- _SUPPLIED MATERIAL_:

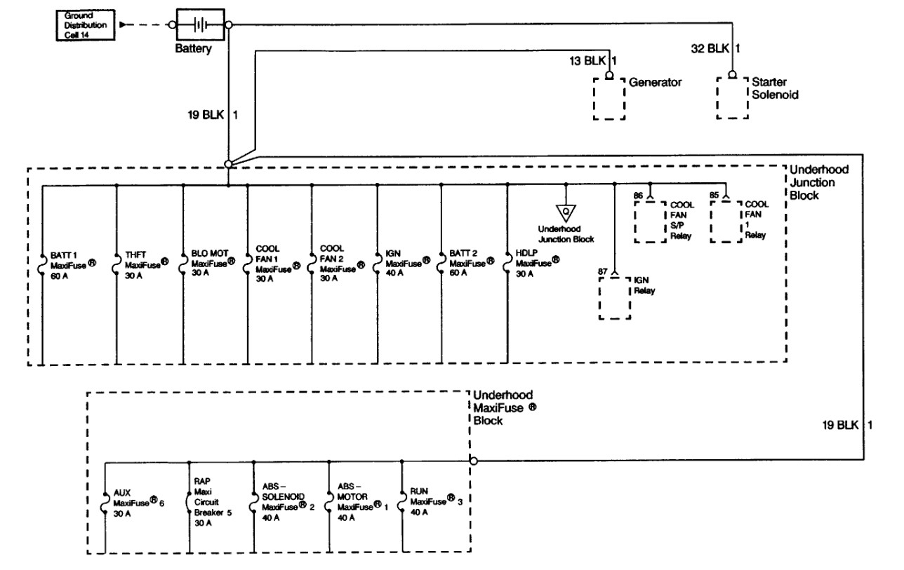 The maxi fuse that is labeled theft is in the underhood fuse panel.
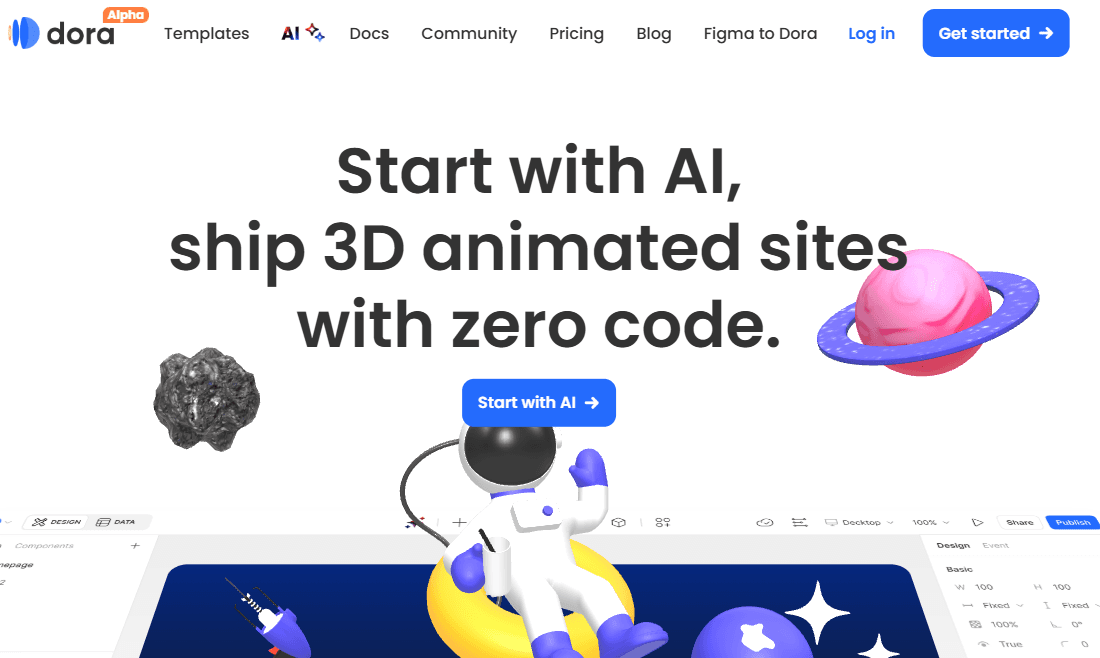 - AI-Powered Automation – Instead of dragging and dropping elements, you describe what you want, and Dora AI builds it for you.
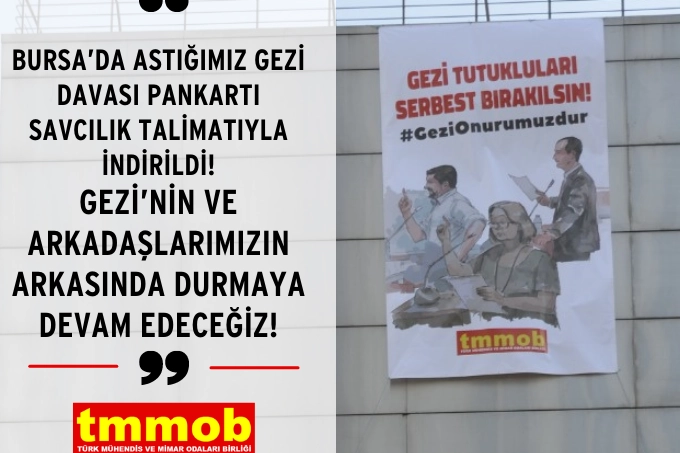 İş insanı Osman Kavala'nın ağırlaştırılmış müebbet hapisle cezalandırıldığı Gezi Davası kararı sonrası tutuklanan 7 kişiye ve Gezi Parkı protestolarına destek vermek amacıyla TMMOB tarafından Bursa Akademik Odalar Birliği (BAOB) binamıza asılan “Gezi Tutukluları Serbest Bırakılsın, Gezi Onurumuzdur” yazılı pankart akşam saatlerinde Bursa Cumhuriyet Savcısının talimatıyla indirildi.
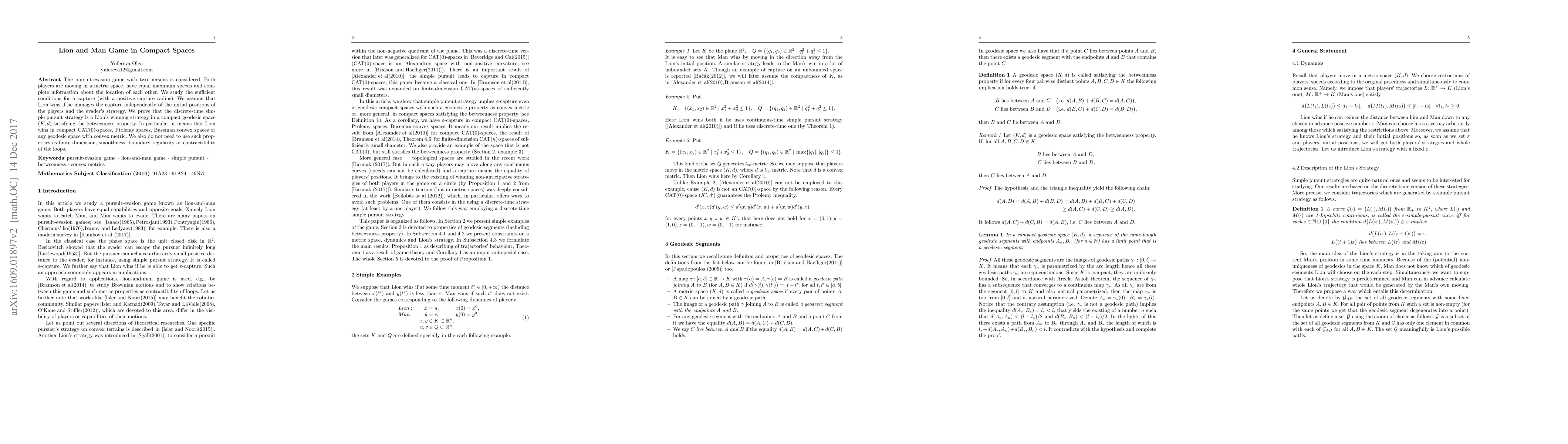 This research investigates a pursuit-evasion game in compact metric spaces where the Lion's goal is to capture the Man. The study proves that a discrete-time simple pursuit strategy guarantees Lion's victory in compact geodesic spaces that satisfy the betweenness property, including CAT(0)-spaces and Ptolemy spaces, without requiring finite dimension or boundary regularity.

- _PROBLEM DESCRIPTION_: In the copy you write, the data above must appear exactly, with no pictures.

- _REPLY TO THE EXERCISE_:
 The maxi fuse that is labeled theft is in the underhood fuse panel.
 - AI-Powered Automation – Instead of dragging and dropping elements, you describe what you want, and Dora AI builds it for you.
 İş insanı Osman Kavala'nın ağırlaştırılmış müebbet hapisle cezalandırıldığı Gezi Davası kararı sonrası tutuklanan 7 kişiye ve Gezi Parkı protestolarına destek vermek amacıyla TMMOB tarafından Bursa Akademik Odalar Birliği (BAOB) binamıza asılan “Gezi Tutukluları Serbest Bırakılsın, Gezi Onurumuzdur” yazılı pankart akşam saatlerinde Bursa Cumhuriyet Savcısının talimatıyla indirildi.
 This research investigates a pursuit-evasion game in compact metric spaces where the Lion's goal is to capture the Man. The study proves that a discrete-time simple pursuit strategy guarantees Lion's victory in compact geodesic spaces that satisfy the betweenness property, including CAT(0)-spaces and Ptolemy spaces, without requiring finite dimension or boundary regularity.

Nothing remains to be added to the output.